Data records:
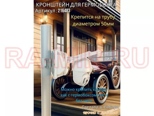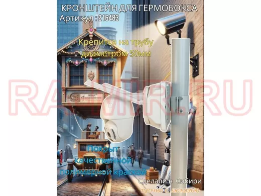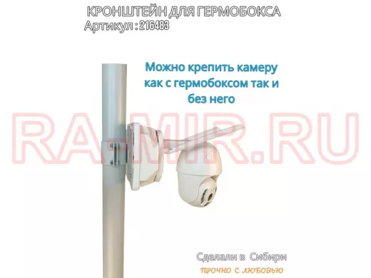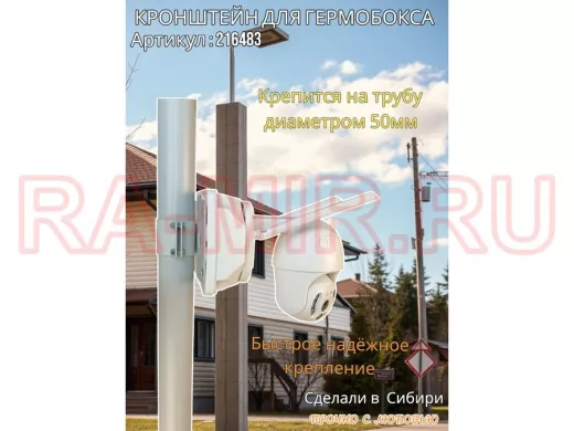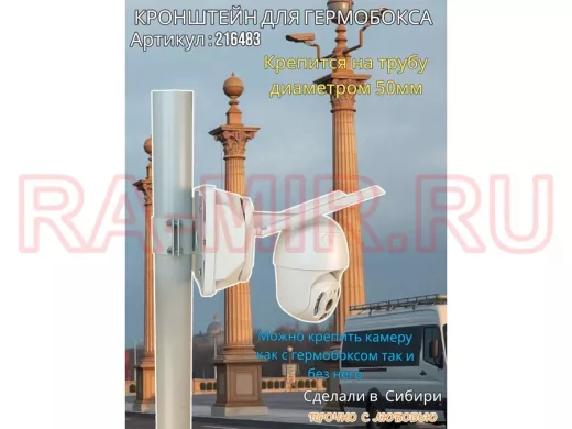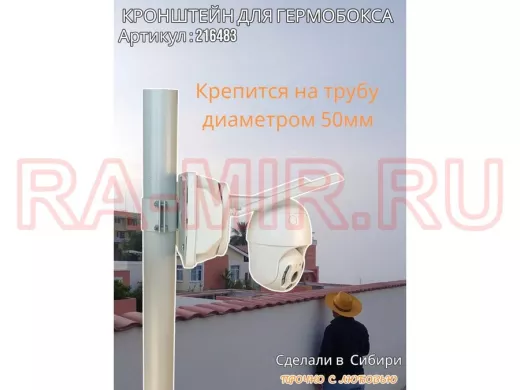 - Кронштейн позволяет быстро зафиксировать гермобокс с видеокамерой на трубу.
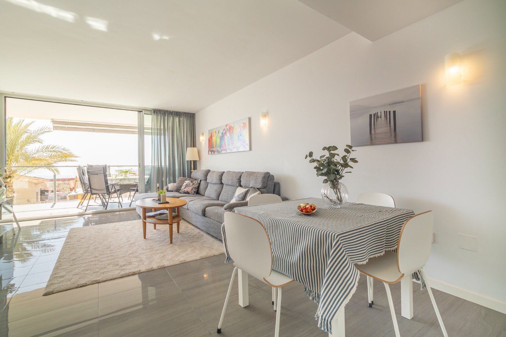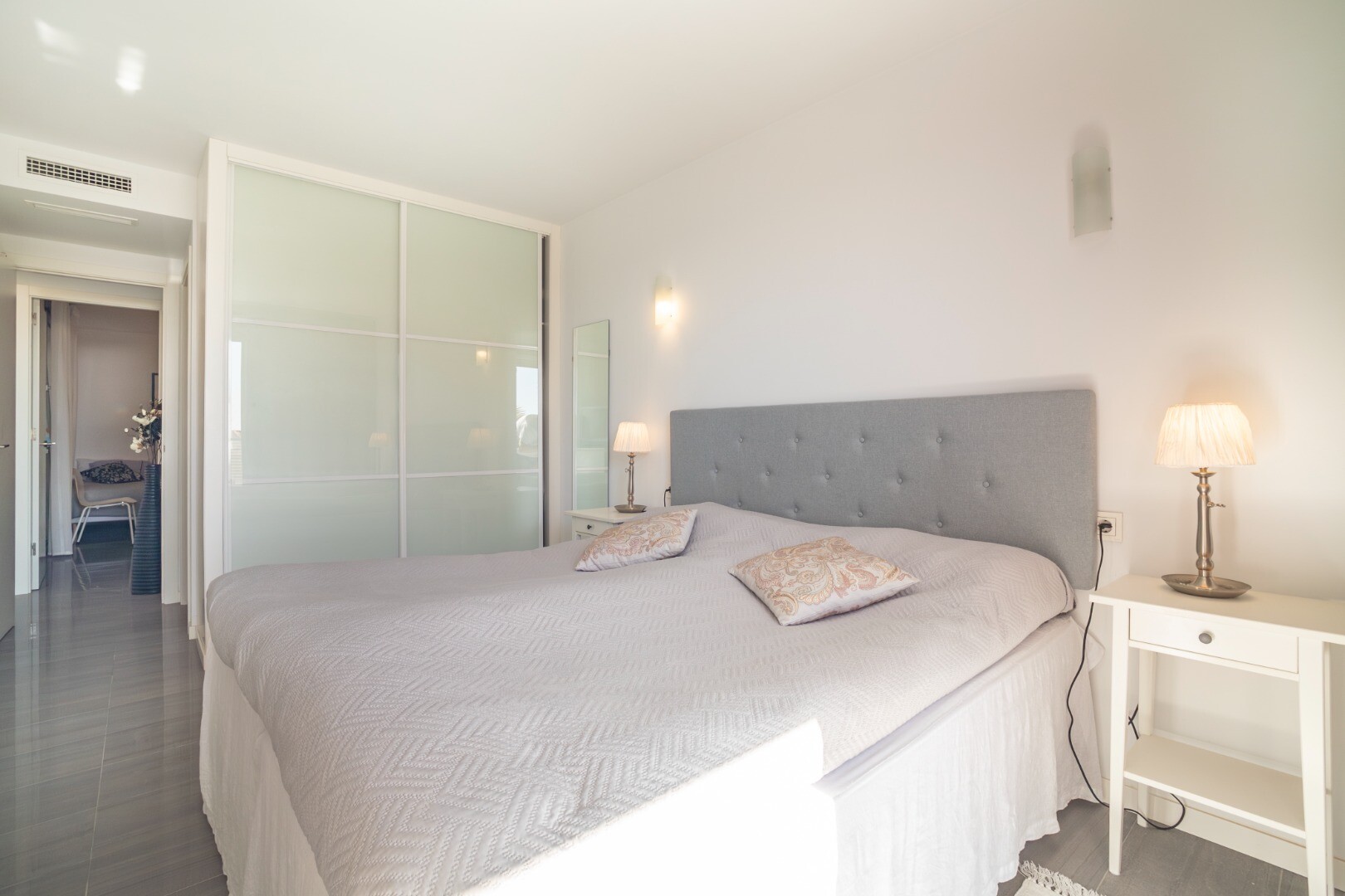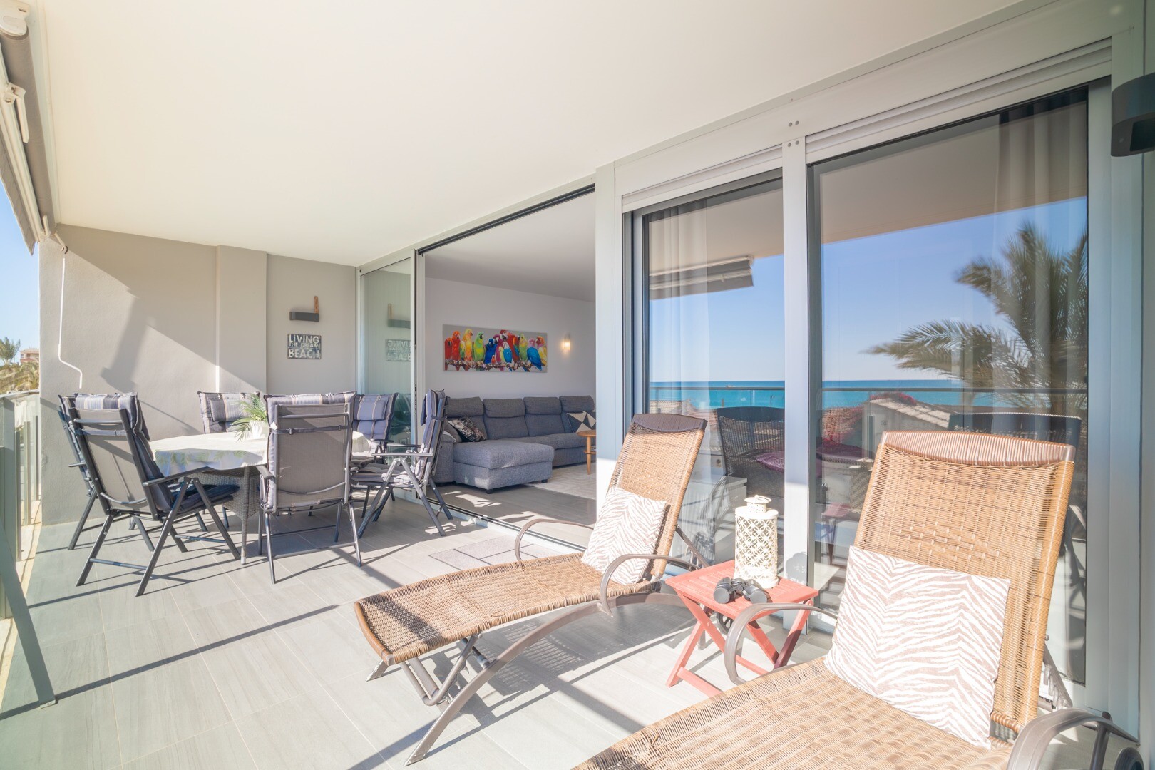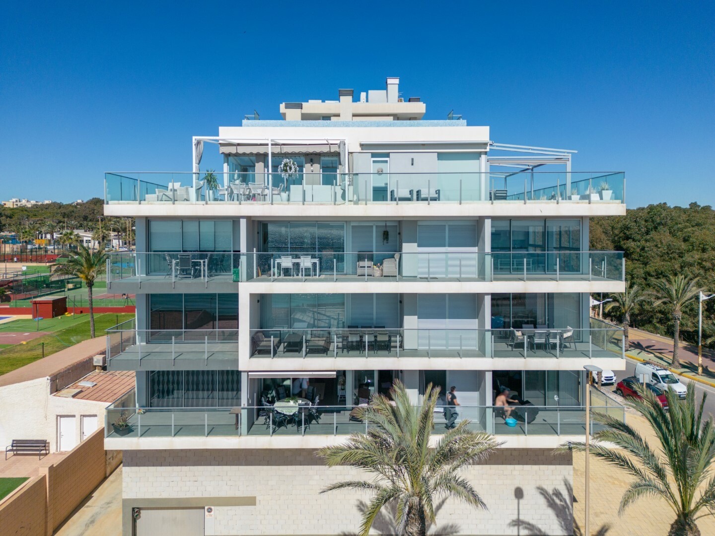 Dorim să vă prezentăm această proprietate modernă și spațioasă, cu 3 dormitoare cu dulapuri încorporate, 2 băi (una dintre ele în ...baie), living-sufragerie și bucătărie cu acces la o terasă mare, unde vă veți bucura de vedere frontală la Marea Mediterană.
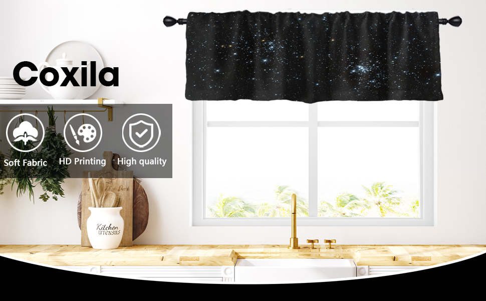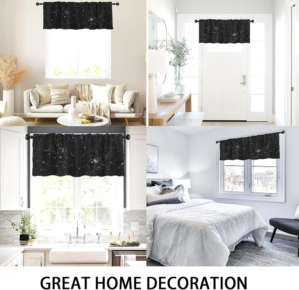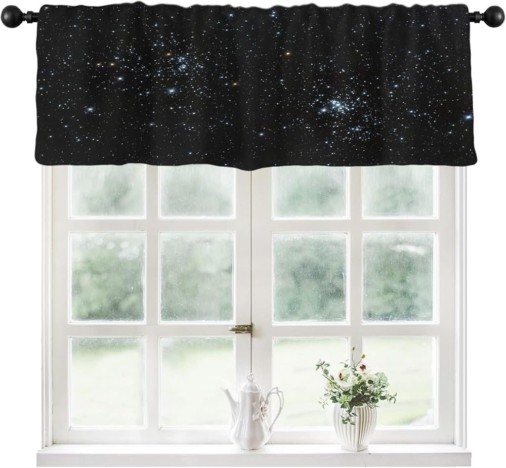 Coxila Galaxy Kitchen Valance Curtains 52 x 18 Inch Rod Pocket Outer Space Universe Nebula Kids Starry Stars Sky Boys Design Small Short Home Living Room Treatment Set of 1 Curtain Panel Drapes
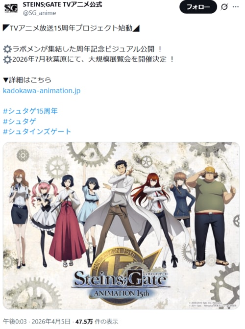 アニメ アニメ『シュタインズ・ゲート』放送開始15周年!記念ビジュアル公開&「大規模展覧会」開催決定 (2/2ページ) 1ページ目から読む #シュタインズゲート #アニメ ふたまん+編集部 2026.04.06 ■【画像】3年ぶりの投稿…!?「エモすぎる」と話題の描きおろしビジュアル ※画像は2026年に投稿されたSTEINS;GATE TVアニメ公式「@SG_anime」のポストより -画像の記事に戻る- 1 2 ふたまんぷらすへんしゅうぶ ふたまん+編集部 マンガ+アニメ+ゲームをたっぷりどっぷり!双葉社のポップカルチャー情報サイト。 「読んで楽しい、知ってうれしい」をキーワードに、ライトユーザーでもコアユーザーでも楽しめるコンテンツを毎日発信!! X:@futamanplus facebook:@futamanplus ポスト シェア LINEで送る
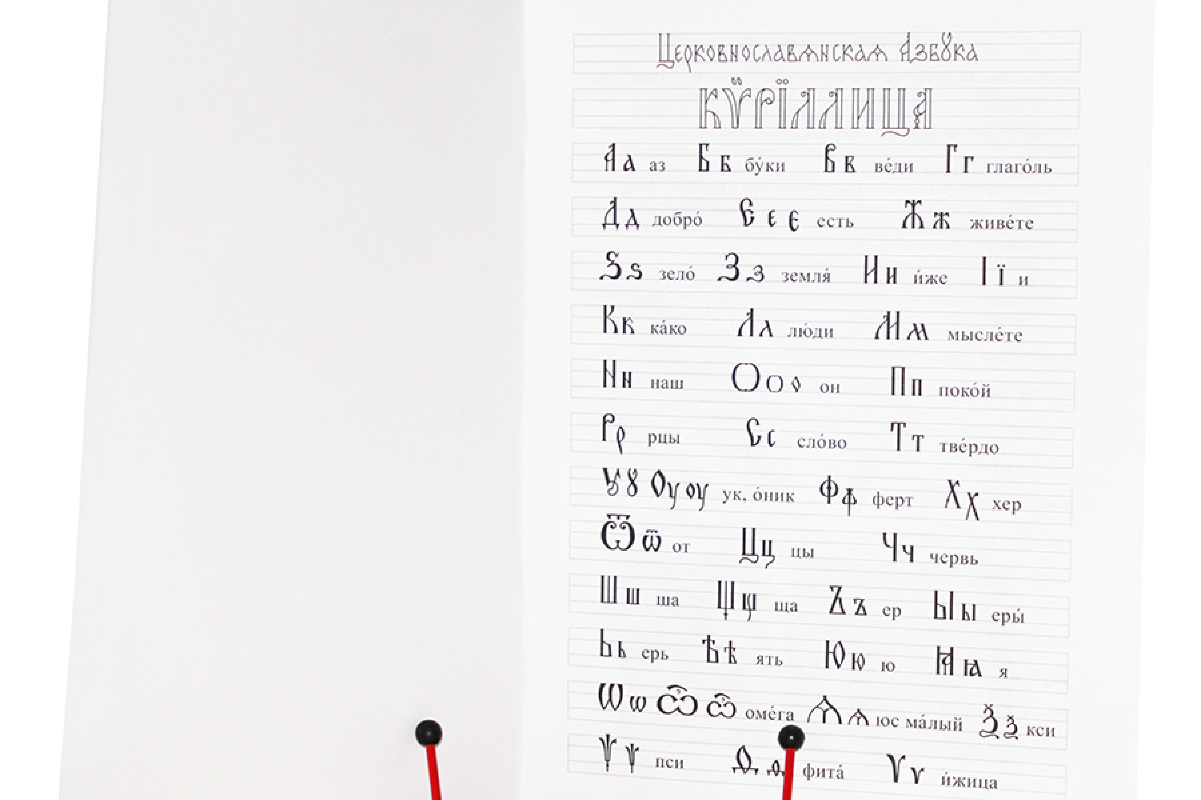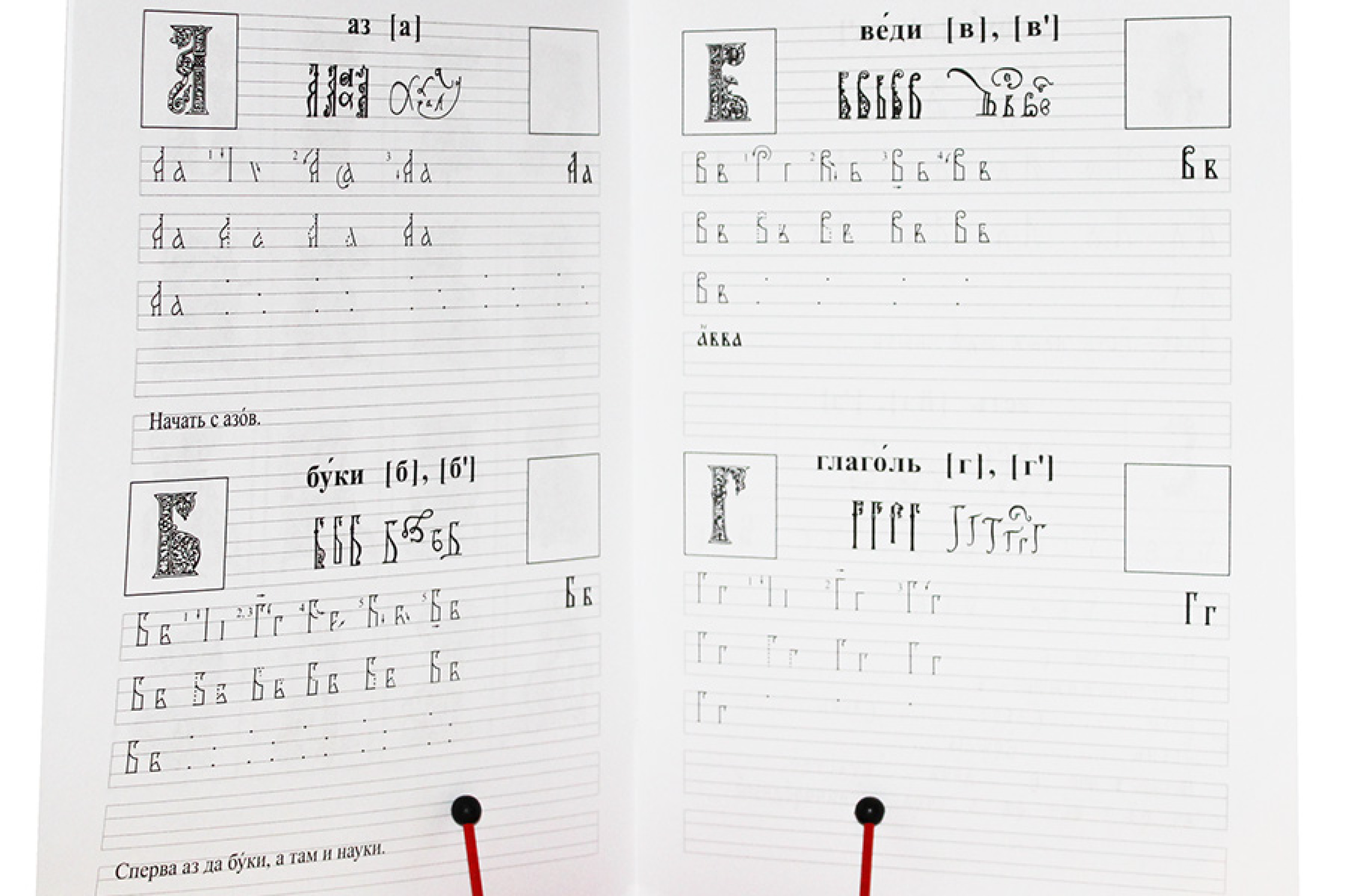 Прописи входят в состав учебно-методического комплекта по церковнославянскому языку для начинающих «Сперва Аз да Буки». Предназначены для овладения навыками кириллического письма и простейшими правилами церковнославянской орфографии. Представленные образцы заглавных буквиц выполнены по мотивам рукописных книг. В прописи включён перечень имён в соответствии с церковнославянской орфографией.

*Directions*:
Retype each of the entries above exactly as it appears, with no pictures.

*Result of the task*:
 - Кронштейн позволяет быстро зафиксировать гермобокс с видеокамерой на трубу.
 Dorim să vă prezentăm această proprietate modernă și spațioasă, cu 3 dormitoare cu dulapuri încorporate, 2 băi (una dintre ele în ...baie), living-sufragerie și bucătărie cu acces la o terasă mare, unde vă veți bucura de vedere frontală la Marea Mediterană.
 Coxila Galaxy Kitchen Valance Curtains 52 x 18 Inch Rod Pocket Outer Space Universe Nebula Kids Starry Stars Sky Boys Design Small Short Home Living Room Treatment Set of 1 Curtain Panel Drapes
 アニメ アニメ『シュタインズ・ゲート』放送開始15周年!記念ビジュアル公開&「大規模展覧会」開催決定 (2/2ページ) 1ページ目から読む #シュタインズゲート #アニメ ふたまん+編集部 2026.04.06 ■【画像】3年ぶりの投稿…!?「エモすぎる」と話題の描きおろしビジュアル ※画像は2026年に投稿されたSTEINS;GATE TVアニメ公式「@SG_anime」のポストより -画像の記事に戻る- 1 2 ふたまんぷらすへんしゅうぶ ふたまん+編集部 マンガ+アニメ+ゲームをたっぷりどっぷり!双葉社のポップカルチャー情報サイト。 「読んで楽しい、知ってうれしい」をキーワードに、ライトユーザーでもコアユーザーでも楽しめるコンテンツを毎日発信!! X:@futamanplus facebook:@futamanplus ポスト シェア LINEで送る
 Прописи входят в состав учебно-методического комплекта по церковнославянскому языку для начинающих «Сперва Аз да Буки». Предназначены для овладения навыками кириллического письма и простейшими правилами церковнославянской орфографии. Представленные образцы заглавных буквиц выполнены по мотивам рукописных книг. В прописи включён перечень имён в соответствии с церковнославянской орфографией.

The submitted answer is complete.